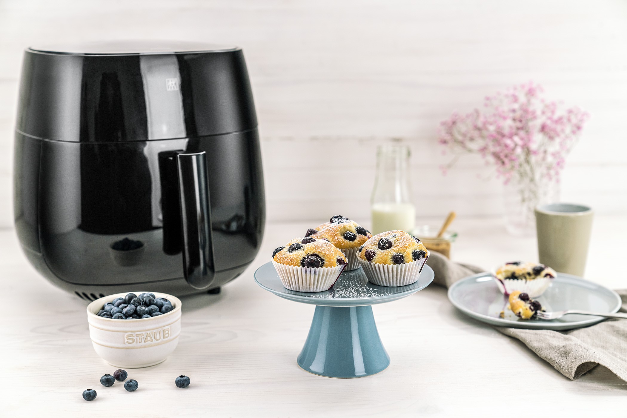 Colocar las brochetas en la freidora y freir en el programa “Aves de corral” (200 °C) durante aprox. de 10 a 12 minutos, dependiendo de qué tan doradas quieras que estén. Luego sacar y servir de inmediato. Servir con antipasti de verduras y baguette.
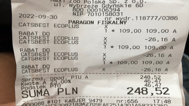 Suplementy, karma, żwir, chemia, podkłady, ręczniki papierowe, wkłady zapachowe, paliwo, eksploatacja auta ( kilka razy w roku naprawy ponieważ jeżdżę znacznie więcej niż przeciętny Polak), leki, szczepionki, strzykawki, igły, kroplówki, wlewniki, prąd i woda to koszt tysiąc złotych miesięcznie. Zużywalność drapakow znacznie większa niż w domu gdzie są dwa trzy koty. Zniszczenia w domu to kolejny kosztowny temat i część pomocy niestety.
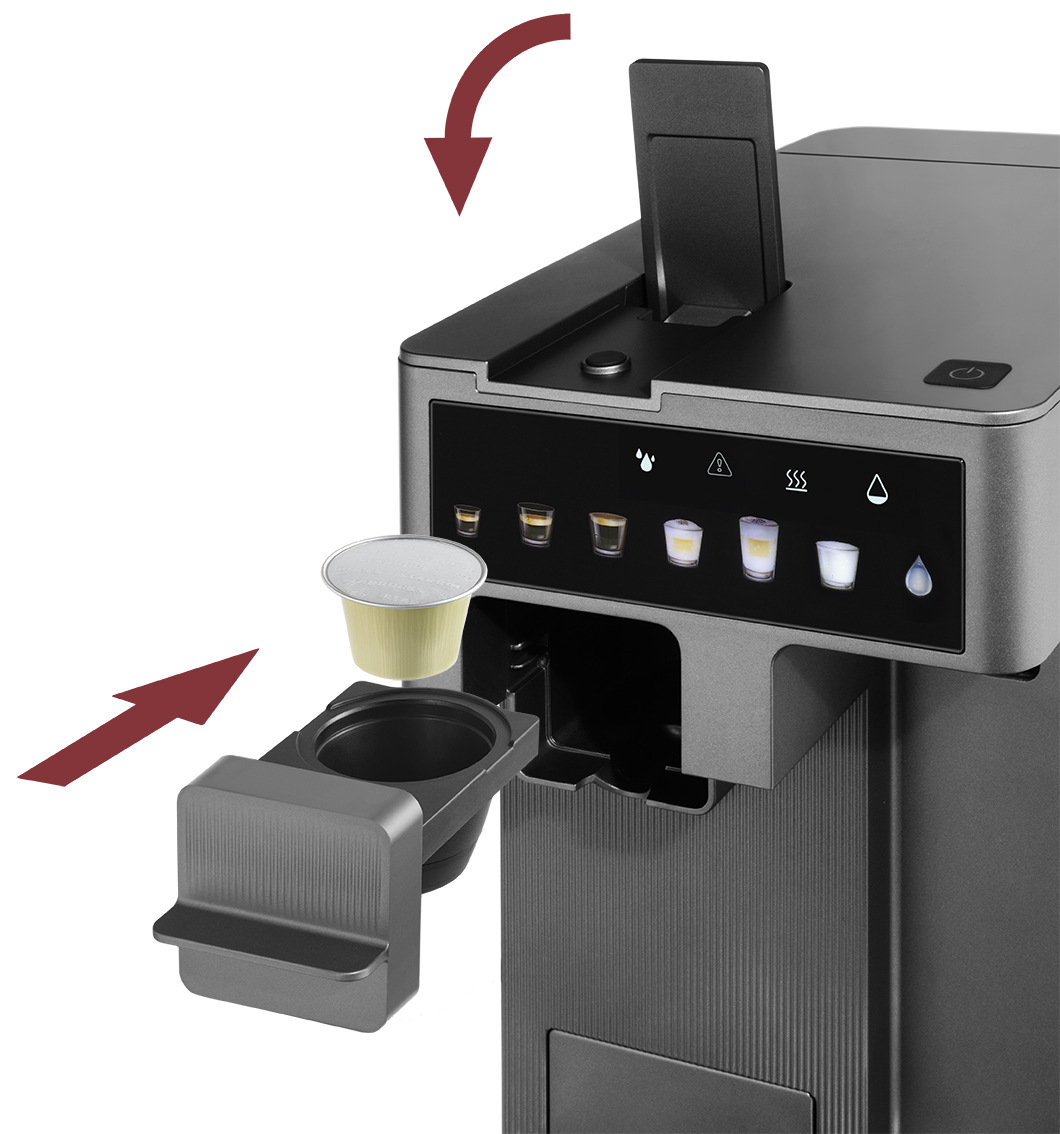 Гнучкість забезпечують три змінні адаптери під найпоширеніші капсульні формати і окремий адаптер для меленої кави — можна обрати зручний спосіб приготування. Для напоїв на основі молока в комплекті є молочний контейнер і спінювач: молоко подається з окремої ємності, підігрівається та збивається до заданої консистенції.

REQUIRED WORK: The whole listing above should be restated word for word, minus any images.

OUTPUT OF THE EXERCISE:
 Colocar las brochetas en la freidora y freir en el programa “Aves de corral” (200 °C) durante aprox. de 10 a 12 minutos, dependiendo de qué tan doradas quieras que estén. Luego sacar y servir de inmediato. Servir con antipasti de verduras y baguette.
 Suplementy, karma, żwir, chemia, podkłady, ręczniki papierowe, wkłady zapachowe, paliwo, eksploatacja auta ( kilka razy w roku naprawy ponieważ jeżdżę znacznie więcej niż przeciętny Polak), leki, szczepionki, strzykawki, igły, kroplówki, wlewniki, prąd i woda to koszt tysiąc złotych miesięcznie. Zużywalność drapakow znacznie większa niż w domu gdzie są dwa trzy koty. Zniszczenia w domu to kolejny kosztowny temat i część pomocy niestety.
 Гнучкість забезпечують три змінні адаптери під найпоширеніші капсульні формати і окремий адаптер для меленої кави — можна обрати зручний спосіб приготування. Для напоїв на основі молока в комплекті є молочний контейнер і спінювач: молоко подається з окремої ємності, підігрівається та збивається до заданої консистенції.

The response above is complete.